We need to unlock the doors, maybe metaphorically, maybe literally. Do I mean never lock you door, or stop thinking completely about defense? No, I don’t mean that. Unlocking doors means – studying Arabic or Farsi, or Turkish or any of the languages of the countries where Muslims live. It means reading more, and with a more open mind. Do you live in a community with a dialogue group? Join it. And next time you go to Israel, maybe set aside time to expand your narrative by going on a tour with a group like Encounter or Ir Amim. Send your students to study, yes, in Israel but maybe elsewhere in the region, maybe try out studying for a semester or a summer in a moderate Arab country like Jordan or Morocco, or go to Istanbul where you can learn Turkish and study Islam, but also feel like you haven’t left the familiar comforts of Europe.
I want to go back to this point of language. How much does language matter? A lot, it turns out. A front page story in Haaretz this Friday had this headline: “Salam starts in school, coexistence program shows.” And here is the first sentence: “Surveys of fifth-grade attitudes to Arabs in 2010 and 2012 revealed growing anti-Arab extremism in the student body. The exception to that trend were students who participated in the Ya Salam program, in which students are taught Arabic at school.”
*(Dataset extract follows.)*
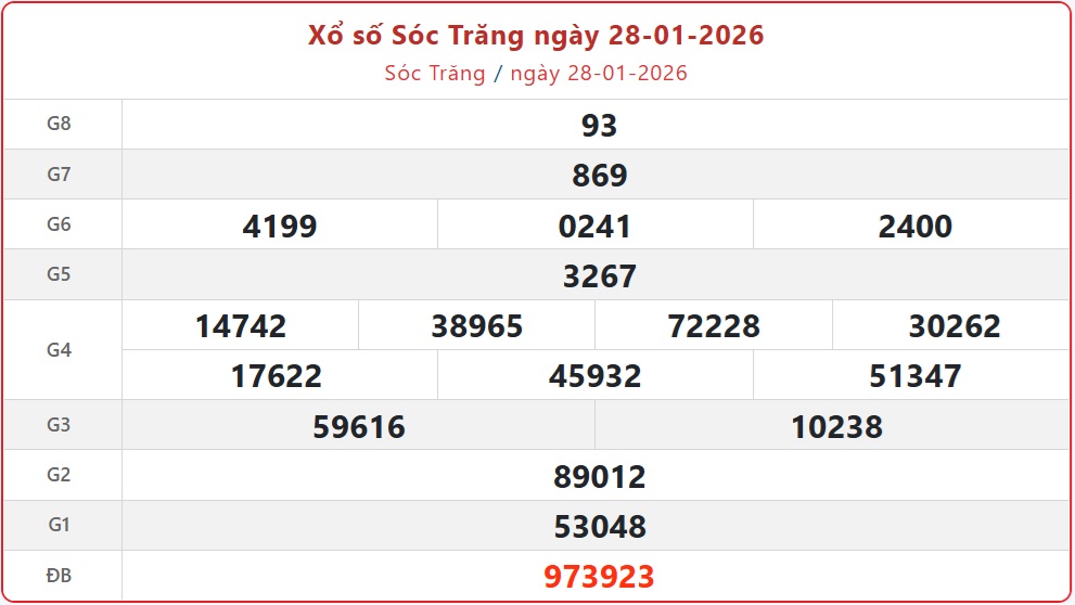 Theo dõi kết quả xổ số Sóc Trăng hôm nay 28/1/2026 nhanh chóng và chính xác nhất.

Where I live, we must contend with fences and walls and barriers and checkpoints – all of which, tragically, make it harder for us to know each other, to unlock our doors. And it will take some major leaps of faith by leaders on both sides, if we are to get somewhere with this peace process. And, if peace comes at all, it will come when we begin to know each other. It’ll come when you know that there are men like Malik Jan in Afghanistan, not just like Bin Laden. And certainly, it will take hearing more voices of women. When you can think of a Muslim and think of my friend Amal in Baghdad, before you think Ahmedinejad, then perhaps you too might begin unlocking your doors and believing that the world can be different.